I came accross two ways of doing ICA with fMRI data. In one method, ICA is
performed directly on the fMRI time series data resulting in components.
The ICA derived components are then correlated with the design matrix to
identify the task-related components. In the other method the fMRI times
series data is cross correlated with the design matrix and the ICA is
performed on the result of the cross correlation to yield eigenimages. I
think both methods could be implemented in FEAT. Are there any suggestions
about which might be a better method? Is there any other method that is
commonly used?
My other question is about how to do an ICA on a group of subjects.
The following is a well established (though not very common) procedure
in the event-related brain potential literature. Has a similar procedure
been used in the fMRI literature?
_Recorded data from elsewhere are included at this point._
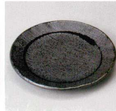
33124-469 黒織部ライン丸皿(大) 460円 (16.5×2cm) 33125-469 黒織部ライン丸皿(中) 400円 (14×1.7cm) 33126-469 黒織部ライン丸皿(小) 360円 (12×1.4cm)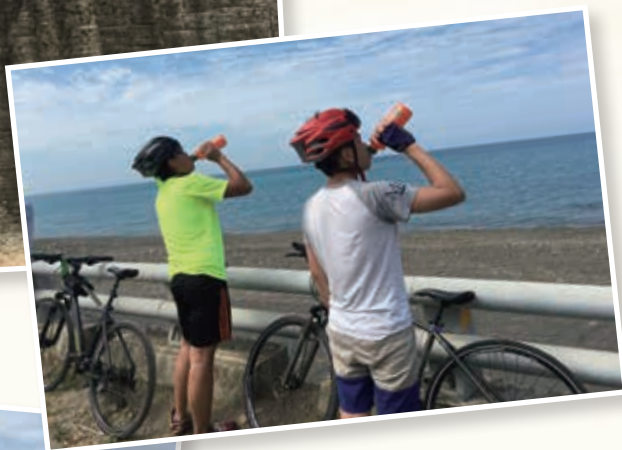
途經屏鵝公路 Taking a break at Ping-E Highway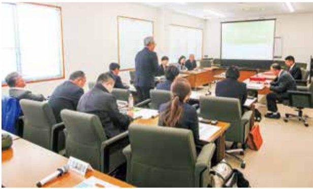
「新城市若者議会」について調査（愛知県）

また、愛知県の新城市役所を訪問し、「新城市若者議会」について調査を行いました。この「新城市若者議会」は、予算提案権を持ち、若者自らが予算の使い道を考え、政策立案しています。本県の県民提案予算とは異なる住民参加型の予算について調査し、県の予算審議等に生かしています。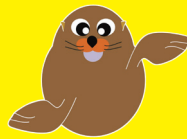
竹島のイメージキャラクター リャンこちゃん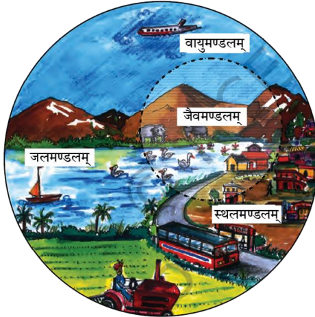
चित्रम् 1.2 पर्यावरणस्य क्षेत्रम्

स्थलमण्डलं तत्क्षेत्रं भवति, यत् अस्मभ्यं वनं, कृषिं तथा च मानवानाम् आवासाय भूमिं, पशूनां चारणाय घासस्थलं ददाति । एतत् खनिजसंपदायाः अपि एकं स्रोतम् अस्ति ।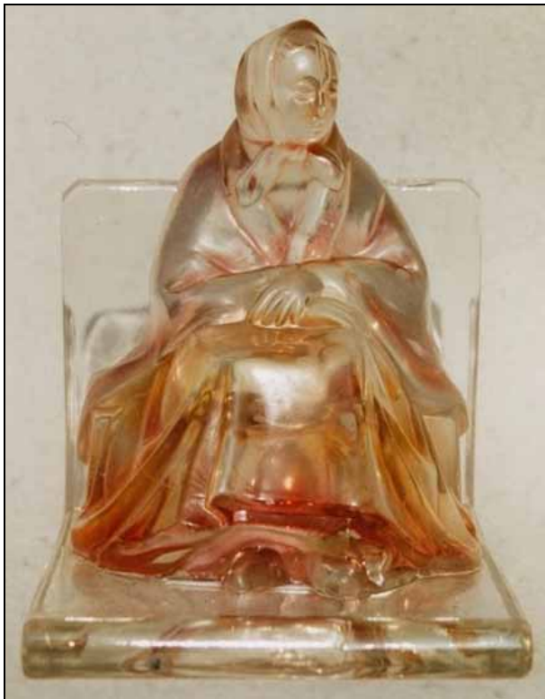
Abb. 2009-1/378 Buchstütze als alte Frau mit Kopftuch farbloses Pressglas, H 15 cm, B 11,3 cm, L 12,2 cm teilweise leicht rosa besprüht Sammlung Stopfer s. MB Libochovice vor 1958, Tafel 53, Nr. 2080

Von den modernen tschechischen Glaskünstlern findet man keine Gläser. Das hat seinen Grund darin, dass fast alle tschechischen Glaskünstler erst ab den 1960-er Jahren Entwürfe für die Pressglaswerke geliefert haben.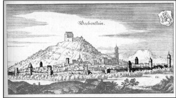
Quelle: Merian, Matthäus - Topographia Hassiae

Klicken Sie in das jeweilige Bild, um es in voller Größe ansehen zu können!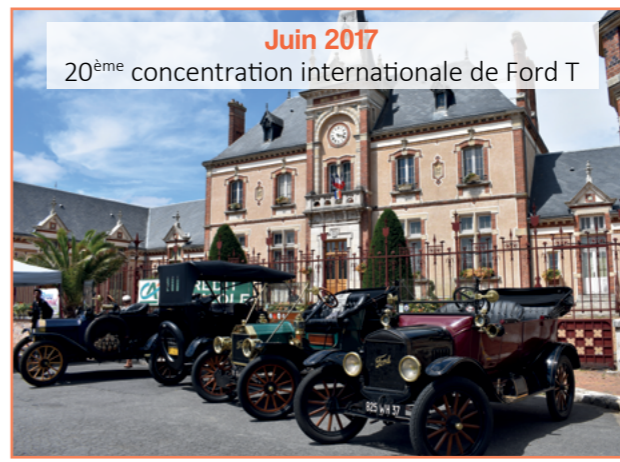
Juin 2017 20 ème concentration internationale de Ford T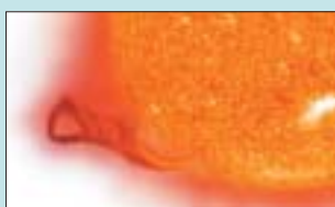
Sonne als Anstoß für Laser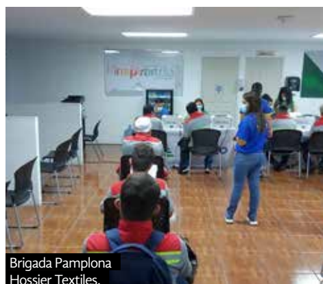
Brigada Pamplona Hossier Textiles.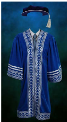
Jubah Ahli Senat Universiti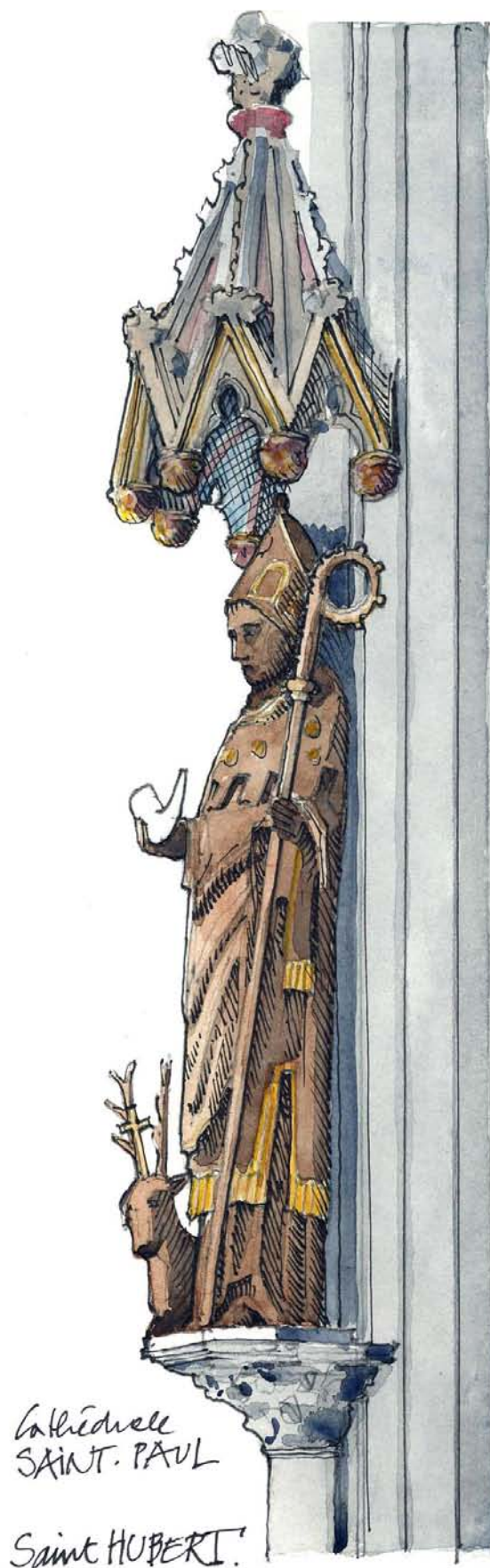
Dessin de Gérard Michel.

Afin d'être informé de toutes les activités du Trésor, inscrivez-vous à la newsletter sur le site www.tresordeliege.be

Is it (or: how much of it is) implemented
in FSL? If this procedure is not used then what is usually recommended for
doing ICA on a group of subjects?
Assume that the data set for the entire experiment consists of
multiple subjects, multiple conditions per subject, multiple electrodes,
and multiple time-point observations for each electrode. (The electrode
can be seen as corresponding to MR voxels, and the time points to the MR
time series across TRs.)
Put all of the data into a single matrix, with columns = time
points and rows = everything else, not distinguishing subjects,
conditions, or electrodes. Conduct a PCA or ICA, producing factors and
factor loadings as a function of time.
For the time-point vector in each subject x condition x electrode
cell, apply the factor loading to the vector, producing a factor
score. The factor scores are suitable dependent variables in an ANOVA
(or whatever). The ANOVA could have condition and electrode as factors,
with subjects as the within-cell replications to estimate
error. Rejecting the null hypothesis means that the factor scores vary
systematically as a function of conditions and/or electrodes.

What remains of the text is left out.